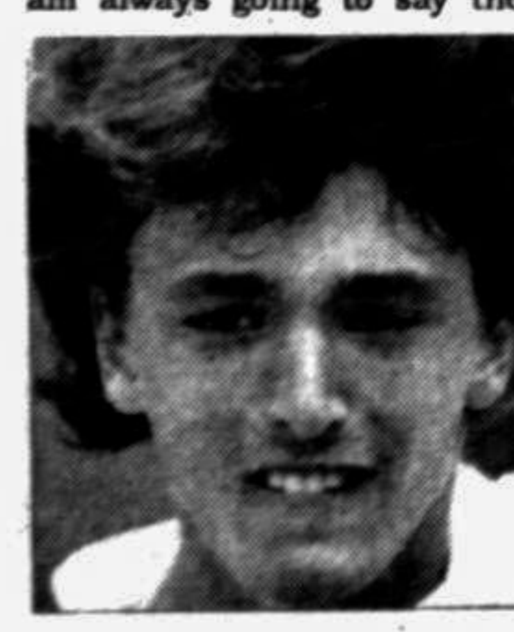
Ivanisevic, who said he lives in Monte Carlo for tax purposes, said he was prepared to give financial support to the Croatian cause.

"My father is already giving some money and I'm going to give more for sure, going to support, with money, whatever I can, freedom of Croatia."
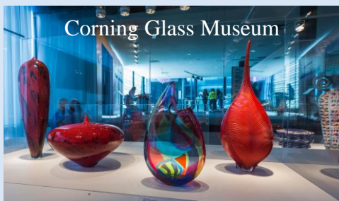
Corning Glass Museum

▬▬▬▬▬▬▬▬▬▬

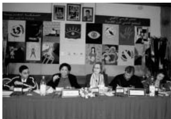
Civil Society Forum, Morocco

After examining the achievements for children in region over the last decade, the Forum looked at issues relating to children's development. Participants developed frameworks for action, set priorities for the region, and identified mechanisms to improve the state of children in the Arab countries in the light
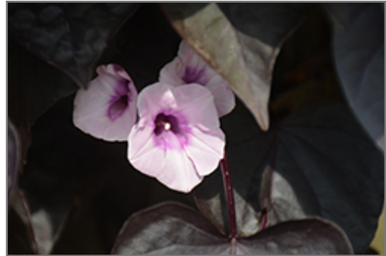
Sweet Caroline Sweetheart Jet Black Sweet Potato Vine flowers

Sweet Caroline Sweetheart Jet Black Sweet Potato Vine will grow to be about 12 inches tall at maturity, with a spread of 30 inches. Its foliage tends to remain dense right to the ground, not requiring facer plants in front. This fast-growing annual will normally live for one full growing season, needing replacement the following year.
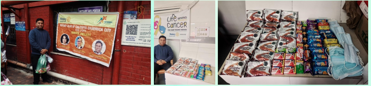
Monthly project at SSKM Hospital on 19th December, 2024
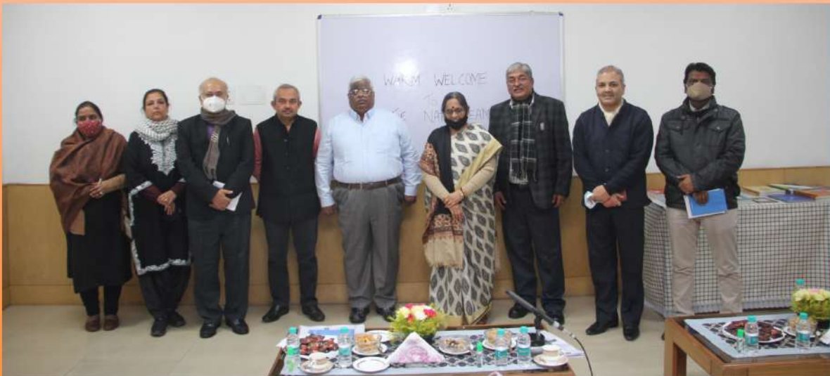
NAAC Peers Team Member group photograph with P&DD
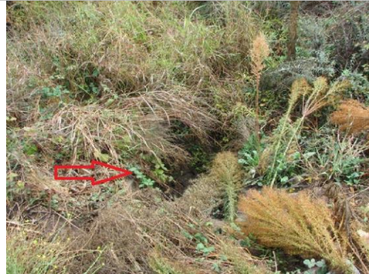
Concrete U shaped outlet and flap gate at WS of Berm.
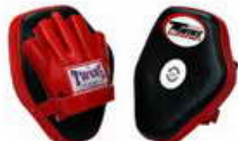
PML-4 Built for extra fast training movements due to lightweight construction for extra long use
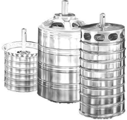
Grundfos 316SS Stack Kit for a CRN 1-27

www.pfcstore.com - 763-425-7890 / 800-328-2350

▬▬▬▬▬▬▬▬▬▬

WHAT THE TASK ASKS: In the records above, locate each line with the word "give". Copy all such lines.

TASK OUTPUT:
Ivanisevic, who said he lives in Monte Carlo for tax purposes, said he was prepared to give financial support to the Croatian cause.
"My father is already giving some money and I'm going to give more for sure, going to support, with money, whatever I can, freedom of Croatia."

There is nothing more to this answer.